Restaram dois: miséria e misericórdia!

Na liturgia deste quinto domingo da Quaresma, somos conduzidos à contemplação da misericórdia e da justiça divinas, manifestadas no encontro de Jesus com a mulher adúltera (Jo 8,1-11). Este episódio, situado no primeiro Domingo da Paixão, antecipa o mistério da cruz, onde a justiça de Deus se cumpre na misericórdia oferecida a todos os pecadores. A urgência quaresmal intensifica-se, convocando cada coração à conversão verdadeira, pois o tempo da graça se aproxima do seu termo.

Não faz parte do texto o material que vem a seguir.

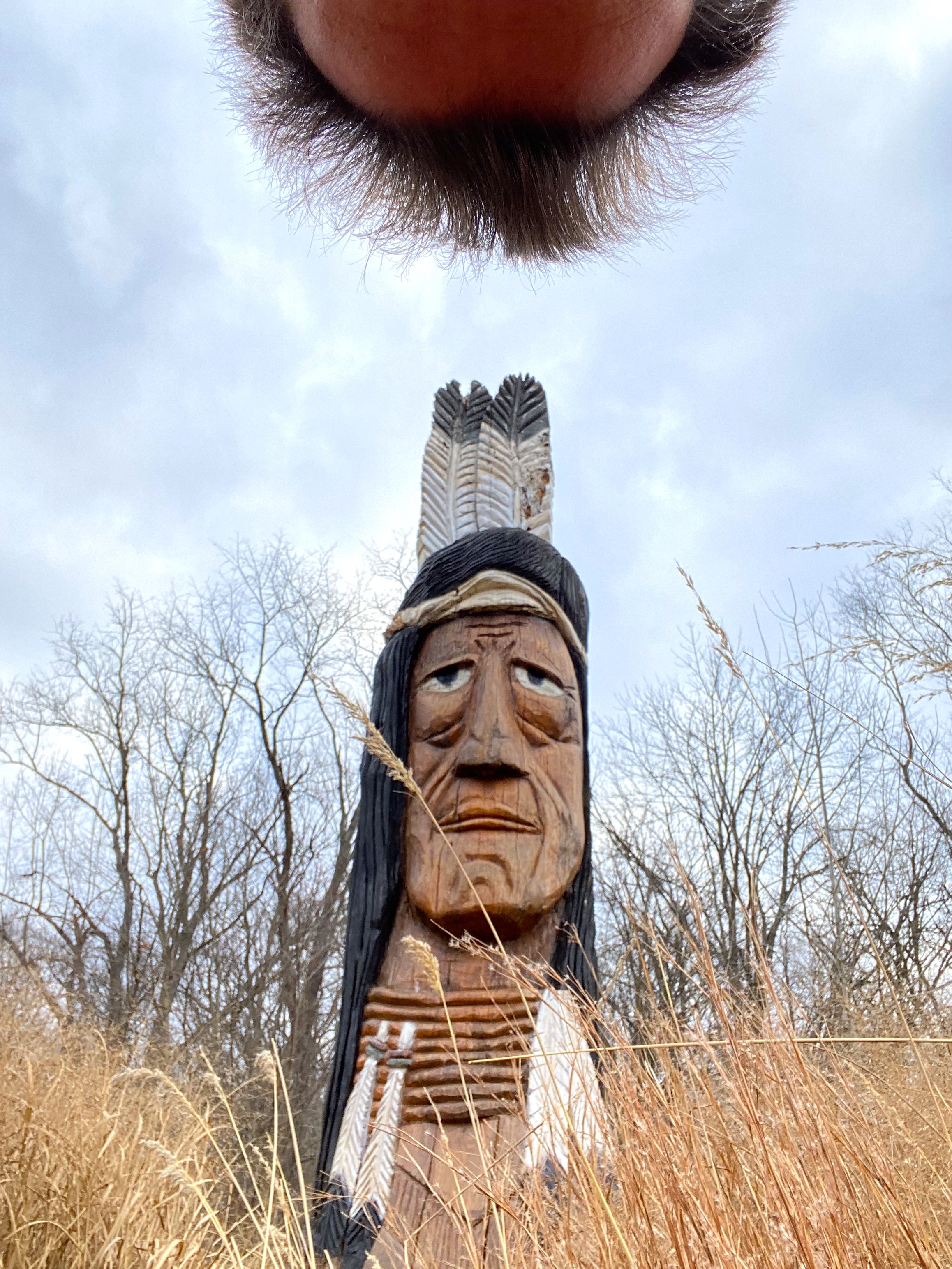 I’m just hanging around with a vintage totem pole in a park near Akron, Ohio. How did I get here?

O nosso cenário é o Templo, onde Jesus ensina. Os escribas e fariseus, desejosos de testá-lo, apresentam-lhe uma mulher surpreendida em adultério, invocando a Lei de Moisés, que ordenava a lapidação (Lv 20,10; Dt 22,22). O dilema proposto visa colocar Jesus em contradição: caso dispense a pena, contradiz a Lei; caso a confirme, desvirtua sua própria mensagem de amor e perdão. No entanto, ao invés de responder de imediato, inclina-se e escreve no chão. O gesto enigmático, dizem os exegetas,pode remeter a Jr 17,13: “Os que se afastam de mim serão inscritos na terra, pois abandonaram o Senhor, a fonte das águas vivas.” Os acusadores são, assim, confrontados com a verdade de seus próprios corações.
Diante da insistência dos adversários, Nosso Senhor pronuncia a célebre sentença: “Aquele que dentre vós estiver sem pecado, seja o primeiro a lhe atirar uma pedra”. A afirmação não relativiza o pecado da mulher, mas desloca a acusação para a condição universal de pecadores, recordando que todos necessitamos da Divina Misericórdia. Um a um, os acusadores se retiram, reconhecendo a própria fragilidade. Santo Agostinho interpreta essa cena com palavras comoventes: “Ficaram apenas dois, a miséria e a misericórdia...”[1] O encontro final entre Jesus e a mulher revela a pedagogia divina: Ele não a condena, mas também não a isenta da responsabilidade. O convite final a nunca mais pecar(como repetimos no ato de contrição) é uma exortação à conversão genuína, na qual a misericórdia não anula a exigência da santidade.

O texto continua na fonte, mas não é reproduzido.